Путешествие в Сибирь 1845—1849 - Матиас Александр Кастрен
Наш седой старик мог бы, конечно, объяснить нам и не одну руну о древней мудрости и вере, но он, очевидно, боится говорить об этом. Кажется, в тайне он поклоняется еще богам отцов своих. Русские поселенцы уверяли меня, что остяки, живущие по Иртышу, еще молятся и приносят жертвы по-старому и в глубине лесов поклоняются древним идолам своим. Я же знаю наверное, что, подобно многим другим финским народам, они питают священное уважение к медведю и величают его «прекрасным зверем», «косматым дедушкой» и т.д. В моем чемодане хранится медный медведь, бывший некогда у остяков великим, чудодейственным богом. Еще и доныне у остяков, живущих по Иртышу, сохраняется обычай чествовать пиршеством всякого убитого медведя; тут они поют, пляшут, пьют пиво[36] и совершают разные обряды, которые некогда были в употреблении и у финнов, и у лопарей. Но полнейшие подробности о прежних религиозных понятиях остяков я сообщу при описании обдорских остяков (см. выше), теперь же некогда, потому что почта пришла, надо отправляться далее.
Письма
К асессору Раббе. Самарова, 24 июня (6 июля) 1845 г.

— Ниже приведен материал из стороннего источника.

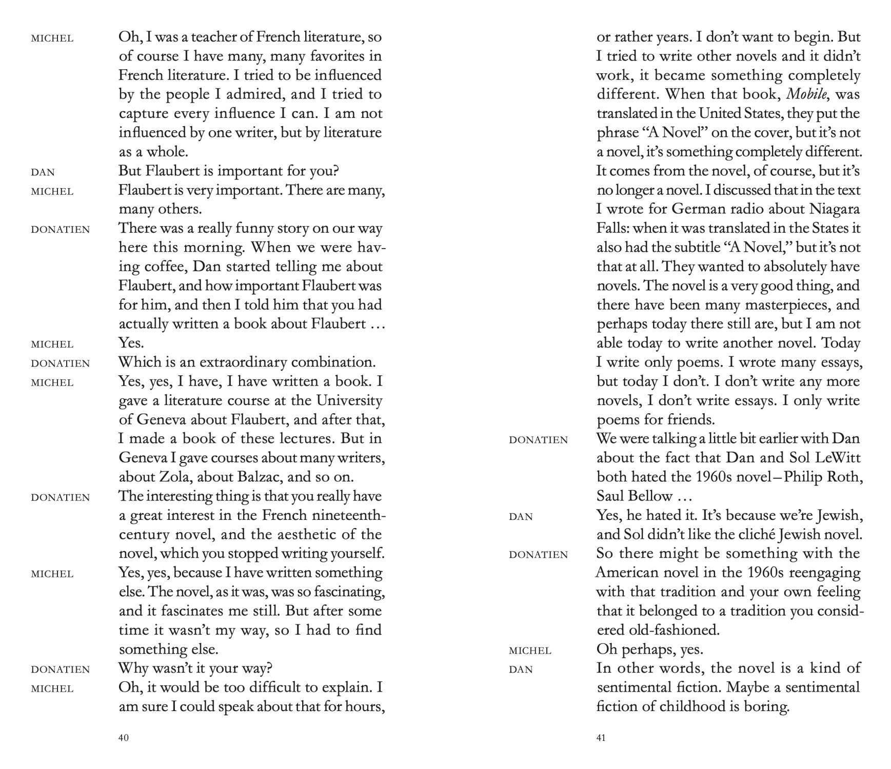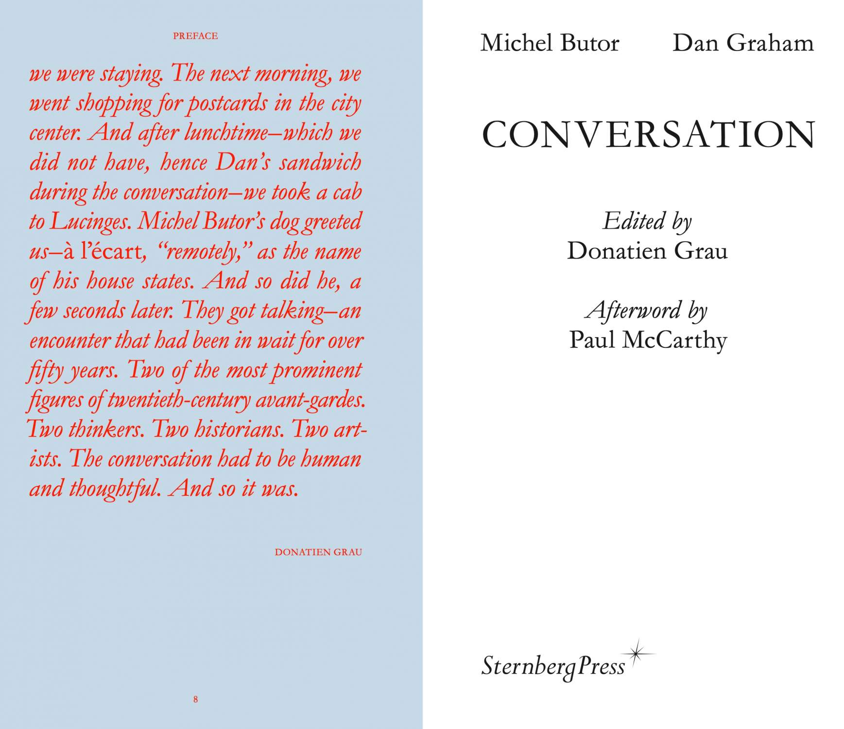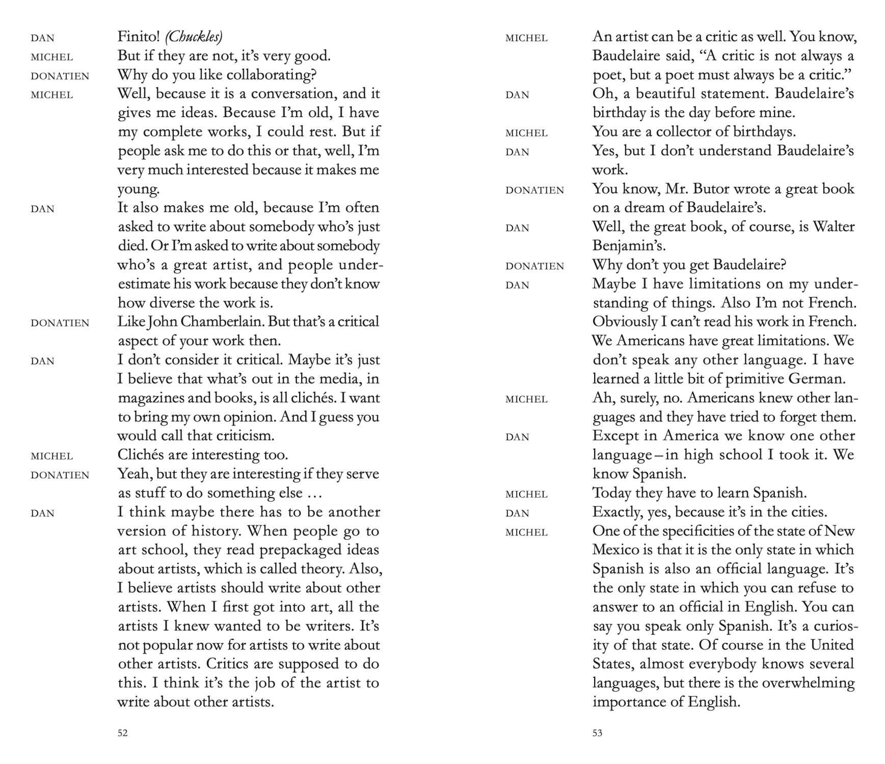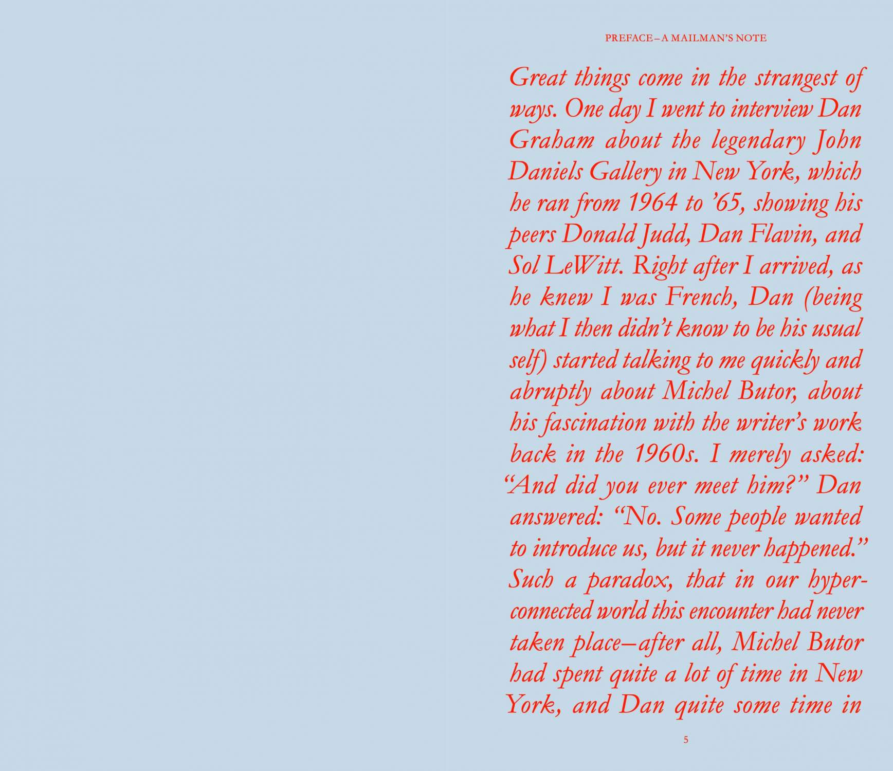 One day I went to interview Dan Graham about the legendary John Daniels Gallery in New York, which he ran from 1964 to ’65. Right after I arrived, Dan started talking to me about Michel Butor and his fascination with the writer’s work back in the 1960s. I merely asked: “And did you ever meet him?” Dan answered: “No. Some people wanted to introduce us, but it never happened.” I asked: “And would you like to meet him?” And he said, with his very own smile: “Of course I would.”

Когда солнце печет, комары кусают, голова болит, а кожа обливается потом, что остается человеку делать, как не забраться в балаган лодки и тут, предавшись сладкой дремоте, предоставить реке нести себя, куда Богу угодно? Я сидел и работал почти четыре недели в жалчайшей остяцкой юрте у Иртыша, где меня заживо почти съели комары, клопы и блохи, и, сверх того, одолевало еще другое вшивое общество, состоявшее из польских и немецких ссыльных и именно из старых спившихся баб. Все это терзало и мучило меня страшно, наконец выведенный окончательно из терпенья, я велел перенесть свои пожитки в небольшую лодку, стряхнул с себя всех этих гадов и уехал. Таким образом я очутился в Самаровой, большой русской деревне при слиянии Оби и Иртыша, во 180 верстах к северу от прежнего моего местопребывания — Цингалинска, или Цингалы. В Самаровой я мог бы остаться надолго и жить хорошо, но меня разобрала охота съездить на ярмарку. На ярмарку едет все, чтоб повеселиться, почему ж и мне не поехать? Много времени прошло с тех пор, как я был на самоедской ярмарке; побуждаемый желанием подновить сглаживающееся воспоминание, невзирая на две ночи, проведенные без сна, я продолжаю, даже не отдохнувши, мое путешествие до Силярска, где только что начинается большая остяцкая и самоедская ярмарка. В Самарову я заехал только для того, чтобы запастись хлебом и написать ответ на два письма твои, невыразимо обрадовавшие меня в этой пустыне. Первое из них я получил еще 20 июня в Цингалинске вместе с письмом от Виллебранда; последнее, с черною каемкою, вручил мне почтальон в самую минуту моего отъезда из Цингалинска, 4 июля. Оно, если я не ошибаюсь, от 10 июня и, следовательно, пролетело 4000 верст менее, чем в четыре недели. Печальные вести не замедляют. Смерть старика сама по себе не заключает в себе ничего важного и скорее может быть названа утешительным явлением, но с этой смертью сопряжены такие обстоятельства, которые потревожили мой сладкий сон под балаганом[37].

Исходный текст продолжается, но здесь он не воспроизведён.